Characters of the region

Nothing more comforting than feeling like a “pure Caribbean” as Gabo says, of having grown up with the smells, flavors and infinite colors of our region, of having met such wonderful characters as that old Cuban Abakuá who, when I asked him whether for them the revolution had been negative or positive, he answered me with his ancient wisdom: “Asere, everything that happens is because it happens.”

Or Laureano Mairena, the bravest of all the brave men I have known, a painter from Solentiname on Lake Nicaragua who became a guerrilla out of dignity, played with death, laughed at it, evaded it a thousand times until he found it again the most absurd way in the bright days of the first years of the Sandinista Revolution and who used to tell me: “You are screwed, but you are my brother.”

Or Don Luis and Doña Epifania Gil, that couple of black Margariteños from Venezuela who, at more than 60 years old and I was only 9 or 10, introduced me to the love of what García Márquez calls “Caribbean baseball” in those years when around a radio we imagined what it was like and how the sport was played because the closest stadium was in Valencia, very far from our possibilities, and television broadcasts did not yet exist.

Or Rafael Cancel Miranda with whom I spoke in Cabo Rojo, a small town in the southwestern corner of Puerto Rico, who was imprisoned in the United States for 27 years for not accepting that his beautiful island belonged, as it still does, to the northern power; or like Chuchú Martínez, that Doctor in Mathematics, pilot, soldier and assistant to General Torrijos who always recommended that I had to be alive to be able to participate in the next battle.

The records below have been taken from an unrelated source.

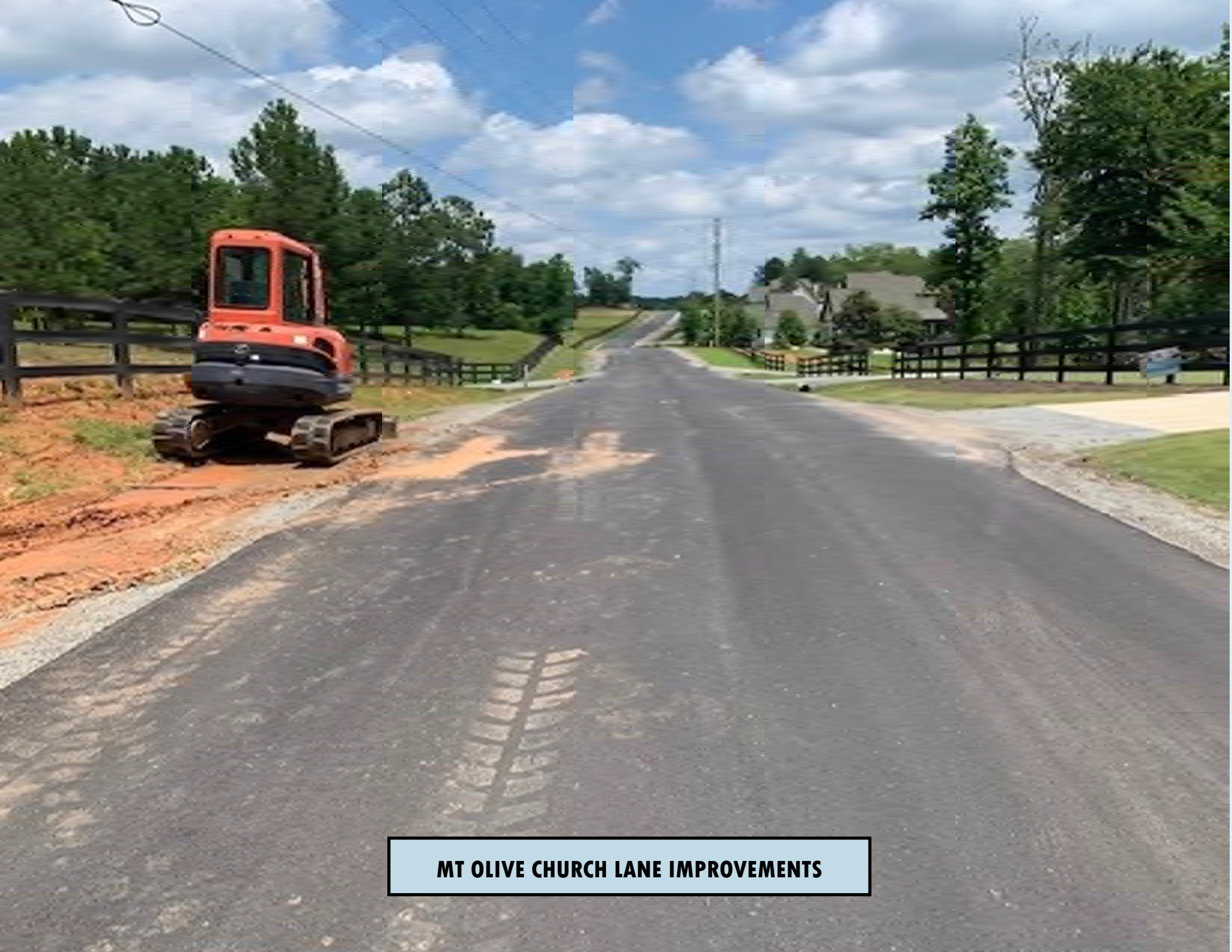
MT OLIVE CHURCH LANE IMPROVEMENTS
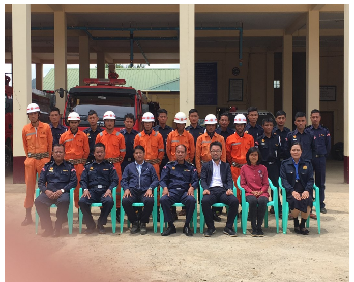
Group photo with Fire Force of Hakha City
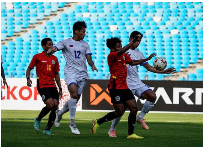
Timor Leste vs Philippines 2-2

In the first group stage match, Timor-Leste showcased the attacking prowess, securing a hard-fought 2-2 draw against the Philippines. The match was characterized by intense competition and skillful play from both sides, highlighting Timor-Leste's ability to compete against strong opponents.

In short, characters and places of this Caribbean of ours where Papiamento and Creole, English and French, Tzotzil and Tzeltal, Spanish and Dutch, Miskito and Mayan are spoken, where the parliamentary systems of the English-speaking States coexist with the presidential systems of the Spanish-speaking States, and where there are countries in which political parties are organized based on racial origin, a region in which we still have third-class citizens because, as in Puerto Rico, they do not have the right to elect their President and their representatives before the Congress of the country that, by the work of a law gave them their citizenship, a region that owns a culture so powerful that it has given birth to five Nobel Prize winners in Literature, in addition to the already mentioned Gabriel García Márquez, Colombian, Miguel Ángel Asturias, Guatemalan, Octavio Paz, Mexican, Derek Walcott of Santa Lucía and VS Naipul of Trinidad.

A region where the Passage of the Winds separates the dignity of Cuba from the sad misery of Haiti, marking what for some is an ideological border, but which perhaps is a sign of what a disunited future may hold for us despite what close we are. Or perhaps we forget that this same Haiti we are talking about was the first free territory in the Caribbean and our brown America when on January 1, 1804, the blacks declared their freedom from powerful France and proclaimed that, just as the precepts stated, fundamentals raised by the French Revolution, on the basis of solidarity, equality and fraternity, forever banished slavery from the western part of the island of Hispaniola.

How can we understand then, but for the power of the retrograde forces of history that we witness undaunted the contempt with which Haitians and other brothers from the Caribbean are treated when they try to reach the north in search of a better horizon for their existence. But, due to life circumstances, history, just like that year 1804, resurrected another January 1, but in 1959 in Cuba, to tell us that dignity does not disappear over time, that our culture and our traditions remain alive despite all.

This diverse, broad and generous Caribbean must use the strength of its culture and art and also of sport, as well as the solidarity and complementarity of its economies as a vehicle of unity and integration on the path to building a region that prepare to face the challenges and vicissitudes of this complex and difficult world.